§ Exercise description: The entries are to be reproduced verbatim, and their pictures left out.

(Data records)
·····

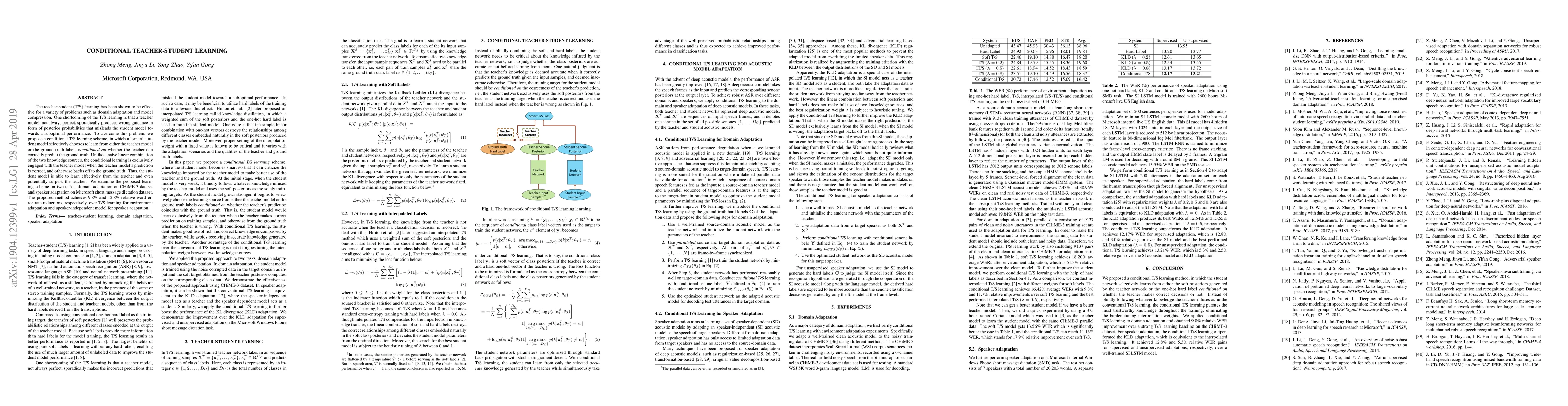 This paper proposes a conditional teacher-student learning scheme that allows the student model to selectively learn from either the teacher model or ground truth, depending on the teacher's accuracy. The method achieves significant reductions in word error rates for domain and speaker adaptation tasks.
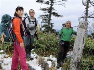 ようやく鳥甲山のピークに到着だ。休憩して行動食を口にしていると、K池さんのところに毛虫が遊びに来て大騒ぎとなる。もう雪に覆われ始めたので助けを求めに来たのかもしれないが。
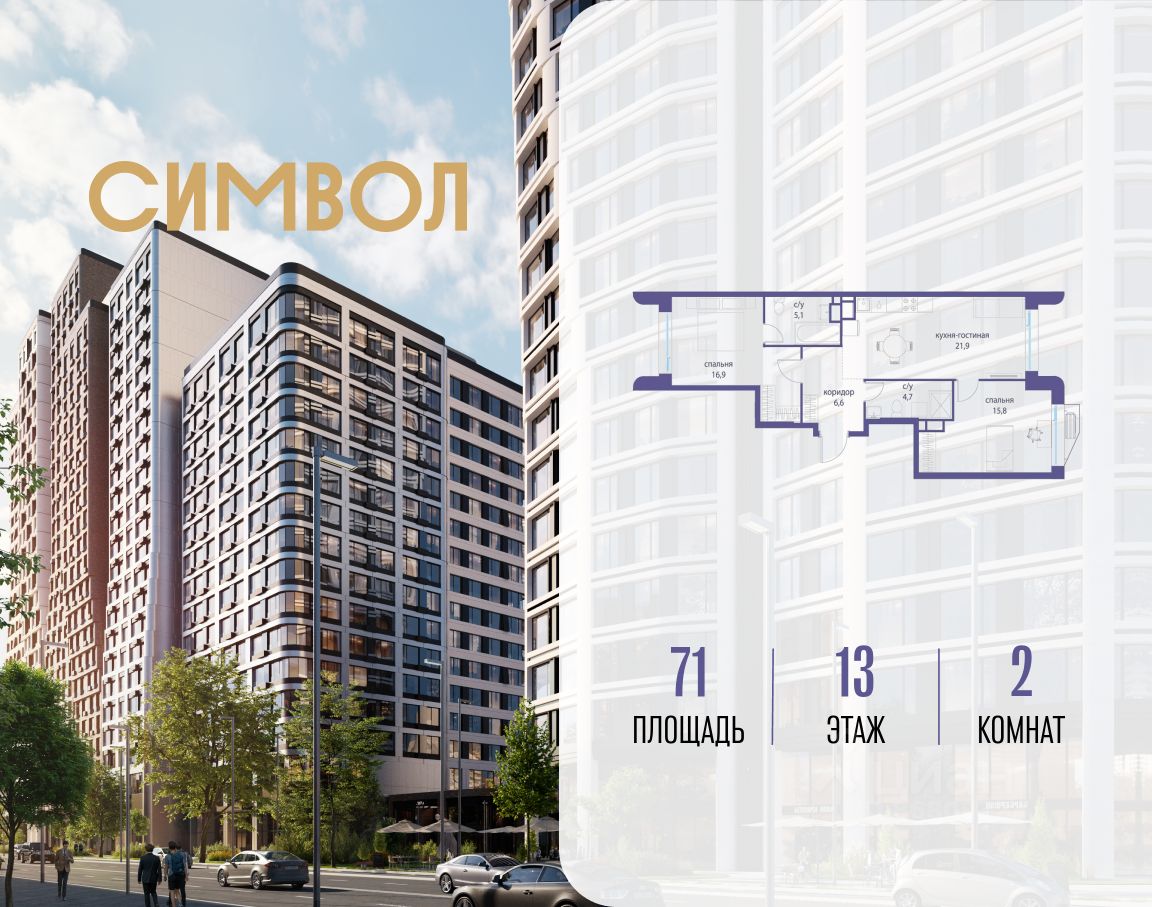 Квартал бизнес-класса СИМВОЛ - это городское пространство нового поколения в историческом районе Лефортово, на границе ЦАО, в 2 км от Садового кольца. Бионическая архитектура СИМВОЛА превратила Лефортово в суперсовременное и модное пространство. Из окон, с балконов и террас просторных квартир СИМВОЛА открываются отличные виды на город и новый парк ''Зеленая река'', ''протекающий'' через все кварталы комплекса на 2 км. В квартале уже есть все, что нужно для комфортной жизни: кафе и рестораны, супермаркеты и магазины, медицинские и физкультурно-оздоровительные центры, салоны красоты и барбершопы, аптеки и оптики, химчистки, пункты доставки и другие сервисы - всего более 90 действующих объектов внутриквартальной инфраструктуры. Для юных жителей СИМВОЛА открыты детский сад и инженерный лицей при МГТУ им. Баумана.
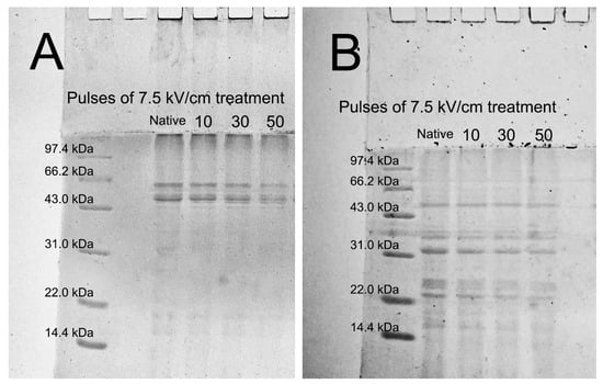 3.3. SDS-PAGE Analysis of N-QPIs and PEF-QPIs
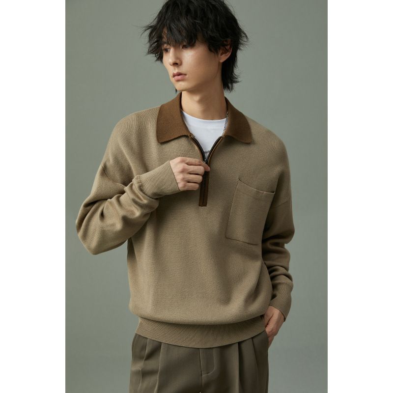 Color Blocking Gestricktes Poloshirt Halboffener Kragen Pullover Langarm Top Herren Herbst Leicht Reifer Stil High-End
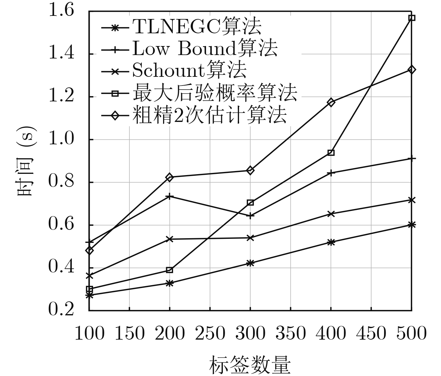 摘要: 针对射频识别技术(RFID)系统中现有标签数量估计算法存在的估计误差大、识别时延长、时间复杂度高的问题,该文提出一种基于高斯拟合与切比雪夫不等式的标签数量2次估计算法(TLNEGC)。首先根据碰撞因子与碰撞时隙比例的关系建立碰撞模型,采用高斯函数对碰撞模型中的离散数据点进行拟合逼近获得高斯估计模型;然后利用高斯估计模型初次估计标签的数量,根据初次估计的结果判断是否需要进行2次估计,2次估计是利用切比雪夫不等式对估计区间进行2次搜索以获得最佳估计值。MATLAB仿真分析表明,该文所提TLNEGC算法的平均估计误差和总时间消耗明显低于现有的高精度标签估计算法,同时具有较低的时间复杂度和较高的稳定性。Abstract: In order to solve the problems of large estimation error, prolonged identification and high time complexity, which exist in tag quantity estimation algorithm in Radio Frequency IDentification (RFID) system, The Twice Labels Number Estimation algorithm based on Gaussian fitting and Chebyshev inequality (TLNEGC) is proposed. Firstly, a collision model is established based on the relationship between the collision factor and the collision time slot ratio, and a Gaussian estimation model is obtained by fitting the Gaussian function to the discrete data points. Afterward, the Gaussian estimation model is used to initially estimate the number of labels, and then according to the results of the initial estimation, judge whether a second estimation is required. The second estimation is performed by using Chebyshev's inequality to search the estimation interval twice to obtain the best estimate. The MATLAB simulation analysis indicates that the average estimation error and total time consumption of the TLNEGC algorithm are significantly lower than those of existing high-precision label estimation algorithms, and it also has lower time complexity and higher stability.
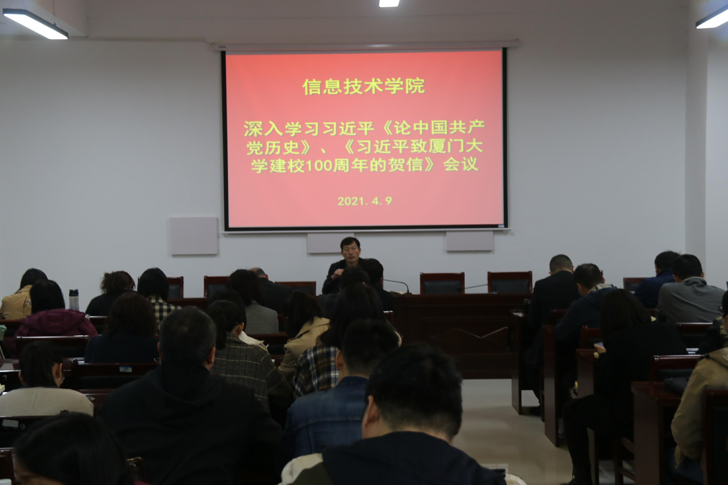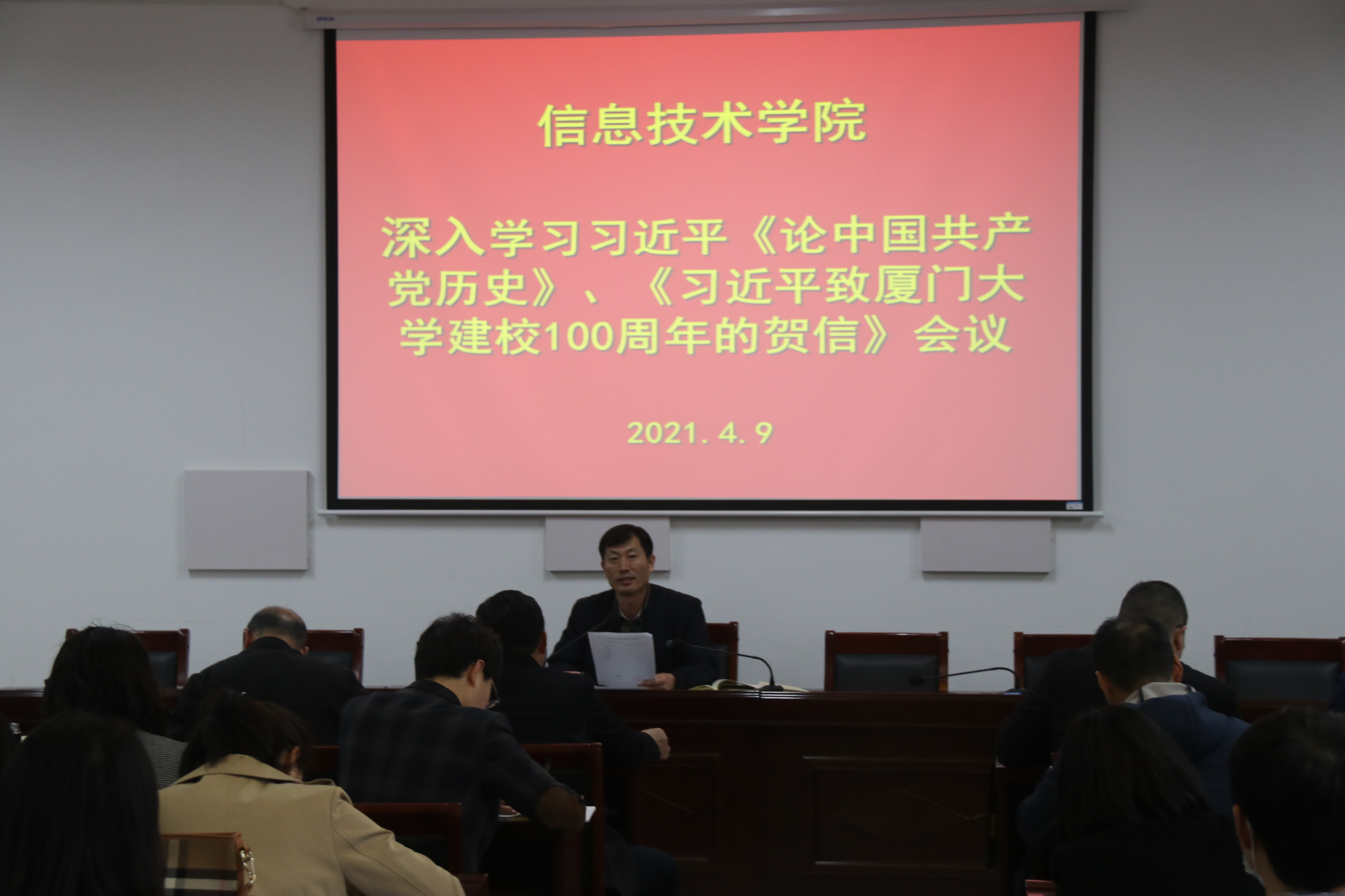 4月9日,BB贝博艾弗森于梁园校区三商楼112会议室举办深入学习习近平《论中国共产党历史》、《习近平致厦门大学建校一百周年的贺信》会议。会议由副经理李海涛主持,全体教职工参加了本次会议。
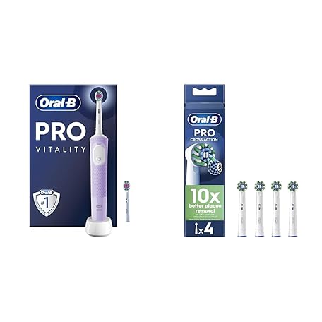 Oral-B Vitality Pro Electric Toothbrush, 1 Handle, 2 Toothbrush Heads, 3 Brushing Modes, 2 Pin UK Plug, Purple + 4 Oral-B Pro Cross Action Electric Toothbrush Heads
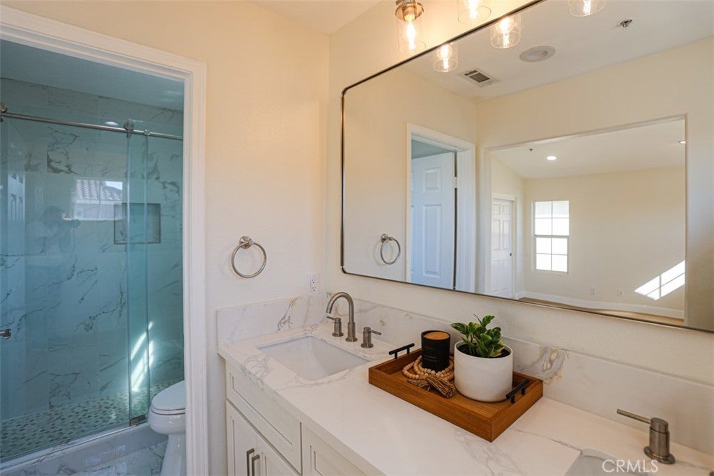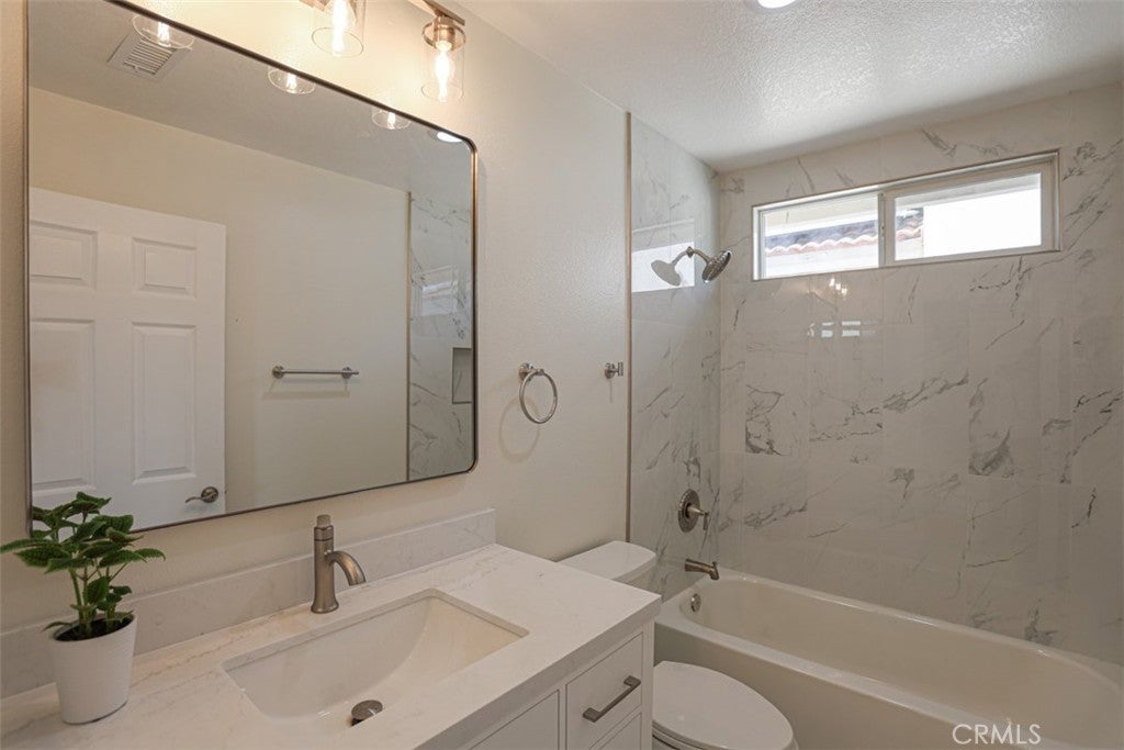 FULLY REMODELED Inside and Out – Move-In Ready! This beautifully updated home features 4 spacious bedrooms and 2.5 modern bathrooms, offering comfort and flexibility for families of all sizes. The interior showcases brand-new luxury vinyl wood flooring throughout, recessed lighting throughout, complemented by sleek white cabinetry and elegant quartz countertops in the kitchen. A full suite of brand new Samsung appliances including a French-door refrigerator, 5-burner gas range, and matching dishwasher, making the kitchen both stylish and functional. Each bathroom has been thoughtfully upgraded with tile flooring, new Kohler toilets, and contemporary vanities. The primary bathroom includes a newly installed walk-in shower, while the secondary full bath features a new tub and beautifully tiled surround. The exterior has been freshly painted in designer-selected colors, adding to the home’s curb appeal. The large backyard is perfect for entertaining, and the low HOA of just $55/month adds great value. Unbeatable price for a turnkey home- Don't miss out!
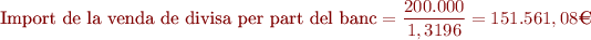 Calculeu l’import de la compra per a l’empresa si el pagament es fa per una transferència instrumentada en un compte bancari en euros, en què la comissió és d’1,5

·····

§ Exercise solution:
 This paper proposes a conditional teacher-student learning scheme that allows the student model to selectively learn from either the teacher model or ground truth, depending on the teacher's accuracy. The method achieves significant reductions in word error rates for domain and speaker adaptation tasks.
 ようやく鳥甲山のピークに到着だ。休憩して行動食を口にしていると、K池さんのところに毛虫が遊びに来て大騒ぎとなる。もう雪に覆われ始めたので助けを求めに来たのかもしれないが。
 Квартал бизнес-класса СИМВОЛ - это городское пространство нового поколения в историческом районе Лефортово, на границе ЦАО, в 2 км от Садового кольца. Бионическая архитектура СИМВОЛА превратила Лефортово в суперсовременное и модное пространство. Из окон, с балконов и террас просторных квартир СИМВОЛА открываются отличные виды на город и новый парк ''Зеленая река'', ''протекающий'' через все кварталы комплекса на 2 км. В квартале уже есть все, что нужно для комфортной жизни: кафе и рестораны, супермаркеты и магазины, медицинские и физкультурно-оздоровительные центры, салоны красоты и барбершопы, аптеки и оптики, химчистки, пункты доставки и другие сервисы - всего более 90 действующих объектов внутриквартальной инфраструктуры. Для юных жителей СИМВОЛА открыты детский сад и инженерный лицей при МГТУ им. Баумана.
 3.3. SDS-PAGE Analysis of N-QPIs and PEF-QPIs
 Color Blocking Gestricktes Poloshirt Halboffener Kragen Pullover Langarm Top Herren Herbst Leicht Reifer Stil High-End
 摘要: 针对射频识别技术(RFID)系统中现有标签数量估计算法存在的估计误差大、识别时延长、时间复杂度高的问题,该文提出一种基于高斯拟合与切比雪夫不等式的标签数量2次估计算法(TLNEGC)。首先根据碰撞因子与碰撞时隙比例的关系建立碰撞模型,采用高斯函数对碰撞模型中的离散数据点进行拟合逼近获得高斯估计模型;然后利用高斯估计模型初次估计标签的数量,根据初次估计的结果判断是否需要进行2次估计,2次估计是利用切比雪夫不等式对估计区间进行2次搜索以获得最佳估计值。MATLAB仿真分析表明,该文所提TLNEGC算法的平均估计误差和总时间消耗明显低于现有的高精度标签估计算法,同时具有较低的时间复杂度和较高的稳定性。Abstract: In order to solve the problems of large estimation error, prolonged identification and high time complexity, which exist in tag quantity estimation algorithm in Radio Frequency IDentification (RFID) system, The Twice Labels Number Estimation algorithm based on Gaussian fitting and Chebyshev inequality (TLNEGC) is proposed. Firstly, a collision model is established based on the relationship between the collision factor and the collision time slot ratio, and a Gaussian estimation model is obtained by fitting the Gaussian function to the discrete data points. Afterward, the Gaussian estimation model is used to initially estimate the number of labels, and then according to the results of the initial estimation, judge whether a second estimation is required. The second estimation is performed by using Chebyshev's inequality to search the estimation interval twice to obtain the best estimate. The MATLAB simulation analysis indicates that the average estimation error and total time consumption of the TLNEGC algorithm are significantly lower than those of existing high-precision label estimation algorithms, and it also has lower time complexity and higher stability.
 4月9日,BB贝博艾弗森于梁园校区三商楼112会议室举办深入学习习近平《论中国共产党历史》、《习近平致厦门大学建校一百周年的贺信》会议。会议由副经理李海涛主持,全体教职工参加了本次会议。
 Oral-B Vitality Pro Electric Toothbrush, 1 Handle, 2 Toothbrush Heads, 3 Brushing Modes, 2 Pin UK Plug, Purple + 4 Oral-B Pro Cross Action Electric Toothbrush Heads
 FULLY REMODELED Inside and Out – Move-In Ready! This beautifully updated home features 4 spacious bedrooms and 2.5 modern bathrooms, offering comfort and flexibility for families of all sizes. The interior showcases brand-new luxury vinyl wood flooring throughout, recessed lighting throughout, complemented by sleek white cabinetry and elegant quartz countertops in the kitchen. A full suite of brand new Samsung appliances including a French-door refrigerator, 5-burner gas range, and matching dishwasher, making the kitchen both stylish and functional. Each bathroom has been thoughtfully upgraded with tile flooring, new Kohler toilets, and contemporary vanities. The primary bathroom includes a newly installed walk-in shower, while the secondary full bath features a new tub and beautifully tiled surround. The exterior has been freshly painted in designer-selected colors, adding to the home’s curb appeal. The large backyard is perfect for entertaining, and the low HOA of just $55/month adds great value. Unbeatable price for a turnkey home- Don't miss out!
 Calculeu l’import de la compra per a l’empresa si el pagament es fa per una transferència instrumentada en un compte bancari en euros, en què la comissió és d’1,5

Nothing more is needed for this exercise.